I have an Escort 3.5 inch gun.  Got it for 225 used at Gander Mountain.  I put an Extended Carlson Modified Choke on it and it slays everything and is reliable with all types of ammo from trap to turkey loads.  Tough not to like it. 

The innards seem to be a loose copy of the 11-87 action.  It uses the same o-rings.  If you get one of these guns, just remember to carry a spare o-ring with you anytime you go in your gun case, just in case.  Could be 5 seasons before you need it. Same goes for the 11-87


----------



## critter85 (Sep 28, 2011)

Check out the Stoeger 3500. Takes 3.5" and has an inertia driven action for around $600 camo.


----------



## fishndinty (Sep 29, 2011)

critter85 said:


> Check out the Stoeger 3500. Takes 3.5" and has an inertia driven action for around $600 camo.



I really like the Escort also because it has a shorter length of pull and I have short arms.  I have heard good things about the Stoeger, too.

When I got the Escort, I figured if it didn't work I could shoot my 870 or 887 and those wouldn't break


----------



## stringmusic (Sep 29, 2011)

critter85 said:


> Check out the Stoeger 3500. Takes 3.5" and has an inertia driven action for around $600 camo.



X2, supposedly alot of upgrades from the M2000(which I have and like). I also have the M3500, slayed a good tom turkey this year and I can't wait to kill some ducks with it this year. Definitely worth giving it a look.


----------



## Pelt Packer (Sep 30, 2011)

Keep an eye on gun broker, I picked up an SBE for $730.00 last week.


----------



## Larry Young Jr (Sep 30, 2011)

This Question is asked every year. Your best bet is: If you got $1500 then go play with the guns. You have around 45 days before the season so go and look.
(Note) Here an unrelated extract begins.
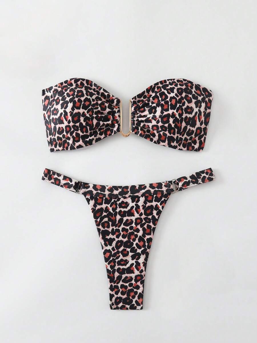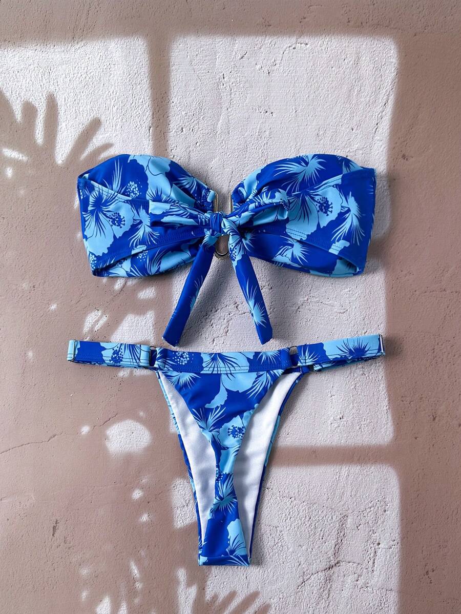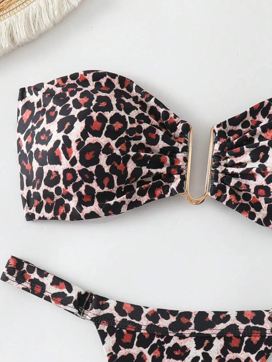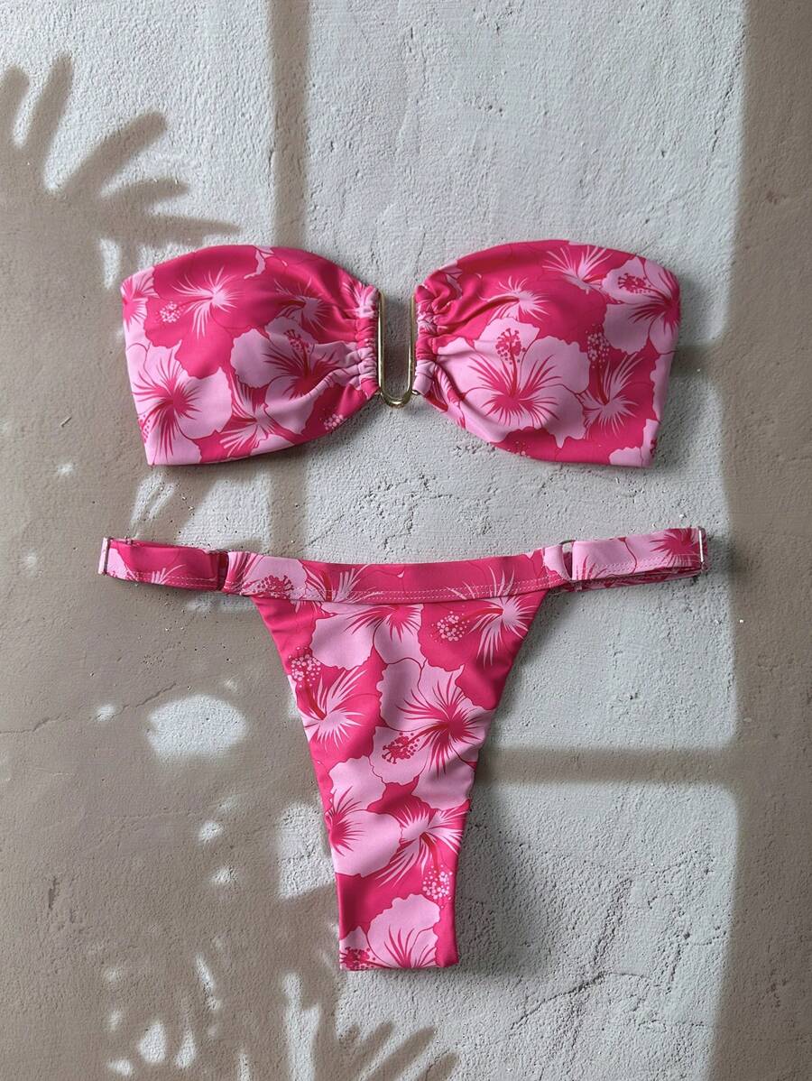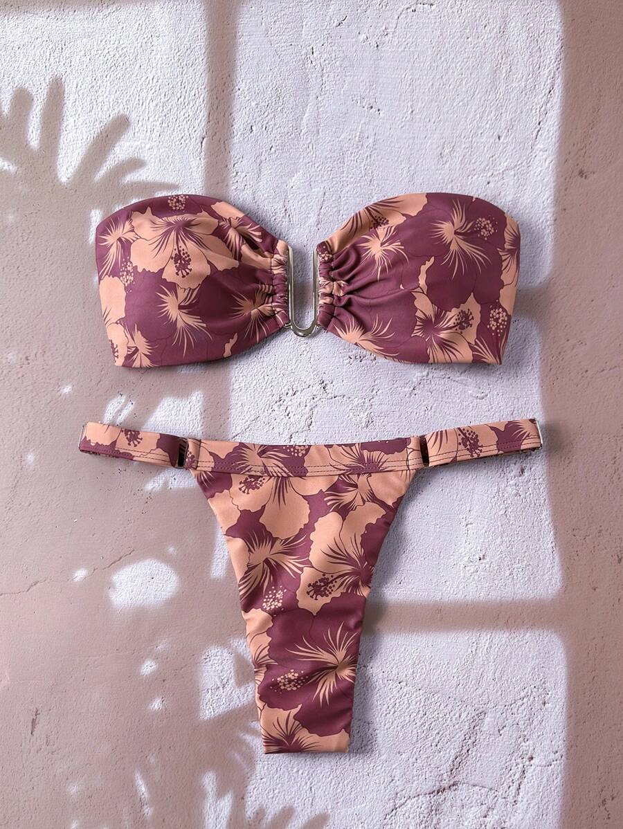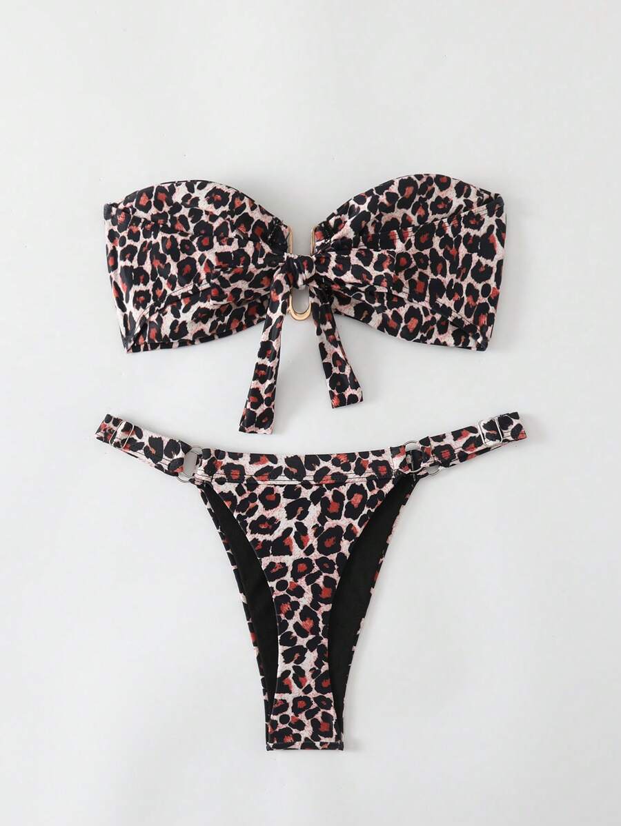 Conjunto de bikini sexy con estampado aleatorio y decoracion metalica – Muy Bonita

Your 3 B's guns are the top guns. But others are good too. if you shop around you can find good prices. But $1300 to $1500 is the going price. Everyone on this forum has a gun they like. You are going to hear bad things and good things about everything. Some of the lower price Auto's out there are good. The thing is find a gun that you like and fits light a glove, It swings good,it got everything you want a gun to have. You are the one that is buying it, so get the one you want.  To me you can't go wrong with the 3 B's. But that is me. Just think you are hunting, before the season. Good luck in your adventure.
Besafe 
Larry


----------



## FOSKEY'S (Sep 30, 2011)

THE ESCORT AND THE HOWA  are good guns...AVERY IS 1 OF THERE SPONSORS .CHAD BELDING USES THEM ON HIS SHOW..


----------



## fishndinty (Sep 30, 2011)

FOSKEY'S said:


> THE ESCORT AND THE HOWA  are good guns...AVERY IS 1 OF THERE SPONSORS .CHAD BELDING USES THEM ON HIS SHOW..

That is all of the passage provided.